Multiplier un lilas dans un verre d’eau, c’est tentant : pas de terre, pas d’hormone, on voit les racines venir. Ça marche parfois. Ça pourrit aussi souvent. Le geste est simple. Le lilas, lui, n’est pas un boutureur facile.
Voici la méthode propre, le timing, le passage en pot — et ce qu’il faut tenter quand l’eau ne donne rien.
Comment bouturer le lilas dans l’eau ?
On prélève une tige saine de 10 à 15 cm juste après la floraison, entre mai et juillet. Coupe nette en biseau sous un nœud, feuilles du bas enlevées, deux ou trois au sommet. La base plonge tout de suite dans un verre d’eau claire, à la lumière, sans soleil brûlant. L’eau se change tous les deux ou trois jours.
Ce n’est pas un tour de magie.

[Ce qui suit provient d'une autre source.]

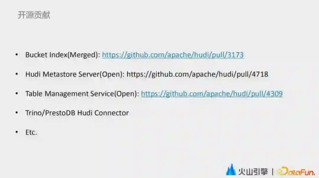 第二个维度是开源贡献。我们现在一直在积极地投入到Hudi的社区贡献当中,参与了多个Hudi的核心feature的开发和设计。其中Bucket index是我们合入到社区的第一个核心功能,而当下我们也在同时贡献着多个重要的功能,比如最早提到的解决数据难管理的Hudi MetaStore Server,我们已经贡献到社区了,去普惠到开源社区。因为我们发现Hudi MetaStore Server不止解决我们在生产实践中遇到的问题,也是业界普遍遇到的一个问题。现在也在跟Hudi社区的PMC共同探讨数据湖的元数据管理系统制定标准。

C’est de l’hygiène et de l’attente. La pourriture gagne plus vite que les racines si on laisse le verre croupir.
Le bon rameau, au bon moment
On cherche des tiges semi-aoûtées : pousses de l’année, encore souples, qui commencent à durcir. Pas le bois vieux. Pas la grappe fanée. Un rameau qui a fleuri a déjà donné ; il reprend mal.
La tige doit être nette, sans tache. Sécateur propre. Coupe juste sous le petit renflement d’où partent les feuilles : c’est là que les racines ont une chance de partir.
Préparer et mettre à l’eau
On allège. Moins de feuilles, moins d’évaporation, plus d’énergie pour les racines. Deux ou trois feuilles en tête suffisent. On plonge la base immédiatement : une tige qui sèche au bord de l’évier a déjà perdu une manche.
- Couper 10 à 15 cm sous un nœud, en biseau.
- Retirer le feuillage du bas, garder 2 ou 3 feuilles au sommet.
- Verre d’eau propre, lumière, pas de soleil direct.
L’ennemi de la bouture dans l’eau, ce n’est pas le manque de racines. C’est l’eau qui tourne.
De l’eau à la terre, sans se presser
Changer l’eau tous les deux ou trois jours. Eau de pluie si vous en avez, plus douce. À défaut, l’eau du robinet reposée une journée, le temps que le chlore s’évapore un peu. Le verre se tient dans un coin lumineux, pas sur un rebord plein sud en juillet.
Les premières racines blanches se montrent souvent en 2 à 4 semaines. Parfois plus, selon la chaleur. On ne tire pas sur la tige pour « vérifier ».
Le passage en pot
On attend des racines de 5 à 7 cm. Pas avant. Terreau léger mélangé de sable, petit pot, trou au préalable, tige glissée sans casser les filaments, terre tassée sans la noyer. Arrosage modéré, mi-ombre le temps que ça s’installe.
Même logique que pour planter un papyrus dans l’eau : le spectacle des racines dans le verre est plaisant, le vrai test arrive au changement de milieu.
Ce qui fait échouer
Verre sale, tige trop molle, soleil direct, oubli de l’eau. Sur un lilas greffé, même une reprise ne donnera pas forcément le même parfum, la même couleur que le pied mère : le greffon n’est pas le porte-greffe. C’est décevant, ce n’est pas un échec de main verte.
| Méthode | Réussite observée | Difficulté |
|---|---|---|
| Bouturage dans l’eau | Faible | Moyenne (hygiène) |
| Bouturage en terre | Moyenne | Moyenne |
| Marcottage / rejets | Plus élevée | Plus simple |
Quand l’eau ne suffit pas
Le bouturage en terre reprend le même rameau, dans un substrat drainant. Une hormone de bouturage aide, sans miracle. Le marcottage — une tige encore attachée, couchée, enterrée sur un nœud — réussit plus souvent. Les rejets au pied, une fois racinés, se séparent à la bêche : c’est le geste le plus banal, et souvent le plus solide.
Si vous multipliez d’autres arbustes du jardin, le même calendrier de taille compte. Un althéa bien taillé et un lilas bouturé n’ont rien à voir comme floraison, mais tous les deux détestent qu’on intervienne n’importe quand.
Le lilas préfère souvent avoir les pieds au sol. L’eau reste un essai, pas une doctrine.
Un essai, pas une obligation
Bouturer le lilas dans l’eau, c’est regarder une tige décider. Ça prend un vase, un sécateur propre, trois semaines. Si rien ne vient, on ne jette pas le pied mère. On couche une branche, on prélève un rejet, on recommence l’année suivante après la floraison.
Une racine blanche dans le verre, c’est déjà une victoire. Un arbuste en terre l’année d’après, c’est le seul résultat qui compte. Le reste est du slow jardinage, pas une recette garantie.